RAND() and Coin Tossing

At the heart of sampling is the notion of a random sample of a population. In Excel you access randomness via the function RAND(). Nothing goes in the brackets, by the way: all Excel functions have brackets, whether or not they have an argument. A similar function is PI(), which generates the value of π. If you can't remember a function's exact name, access it and all the other available functions in two ways: either click on the fx symbol towards the left-hand end of the lowest menu bar, or select Insert/Function… from the top menu bar. A window will open that you can navigate through to find the function of interest.

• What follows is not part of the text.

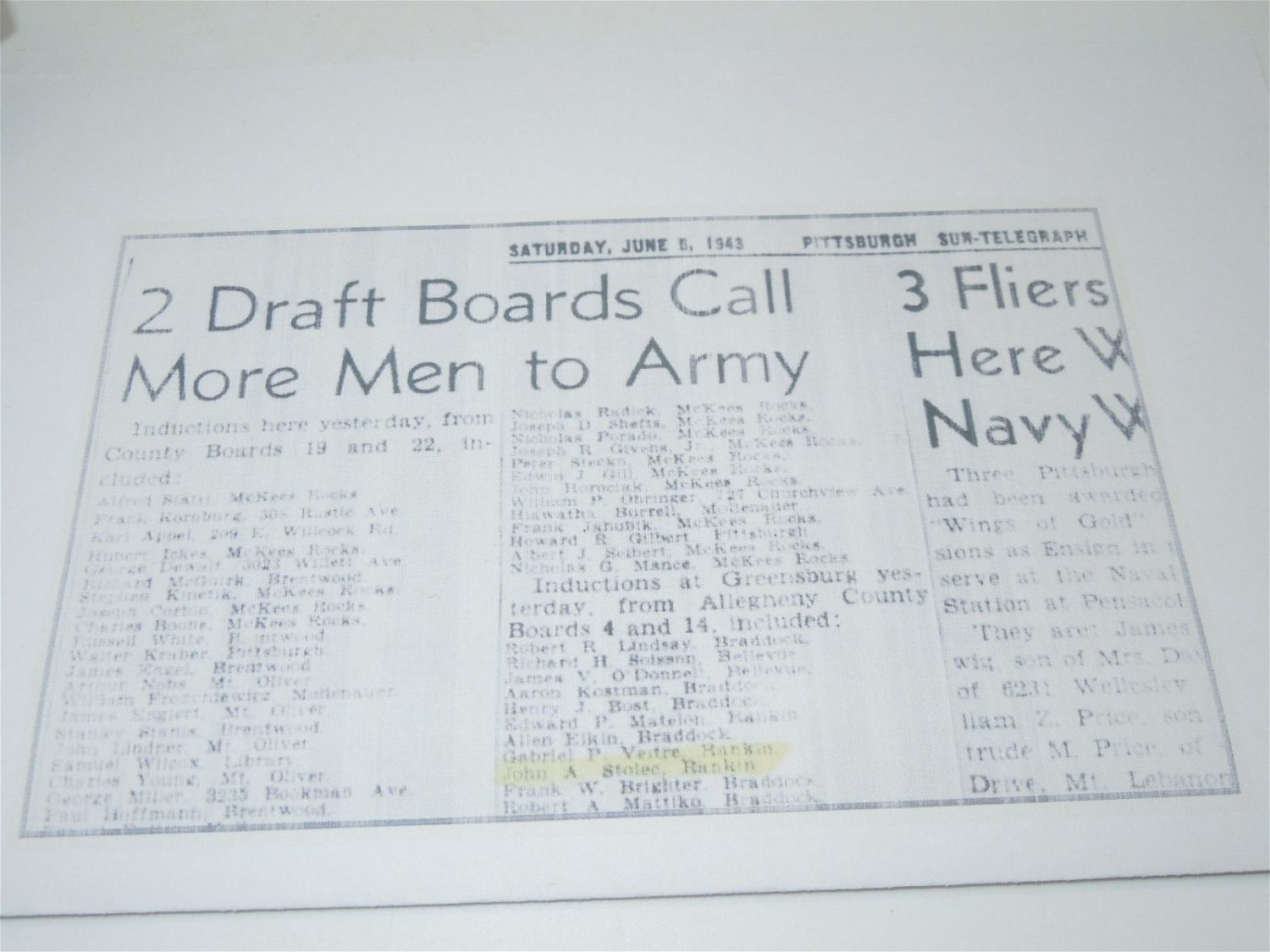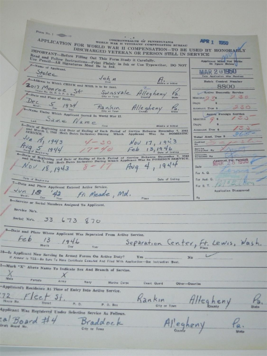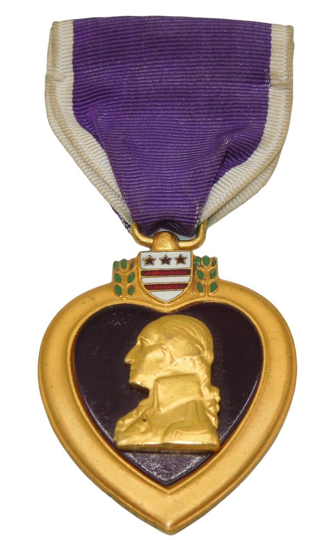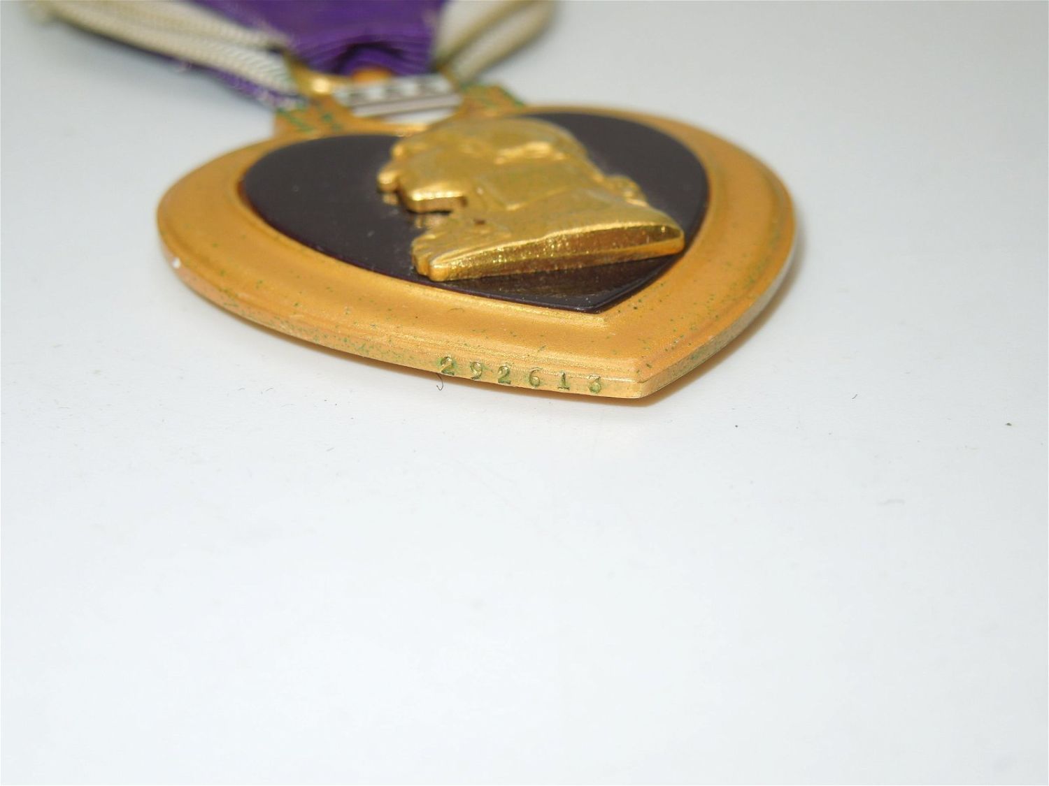WWII slot brooch, numbered Purple Heart Medal, crudely engraved to Pvt. John Stolec, 33673870, Cassino (Italy), Jan 29, 1944. The medal comes with some copied research about his military service. Good condition.

So, put or type =RAND() into a cell (in upper or lower case, followed by pressing Enter, which I won't bother to state again) and you will get a number between 0 and 1, such as 0.230592. That's only the first six decimal places of a number that has 15 decimal places, but we don't have to worry about all those extra digits. Each digit is chosen randomly from 0 through 9. The result is a random number between 0 and 1. Put =RAND() into another cell and you will get another similar random number. But notice that the first cell you put =RAND() into has now changed to yet another random number! Whenever you get into and out of any cell, even if you put nothing into it, Excel updates all the values of RAND everywhere in the spreadsheet. To make this updating happen rapidly (which is often useful), hit Ctrl-D ("copy down", so make sure the cursor is not sitting in the first row of the table or in a blank cell immediately underneath a non-blank cell).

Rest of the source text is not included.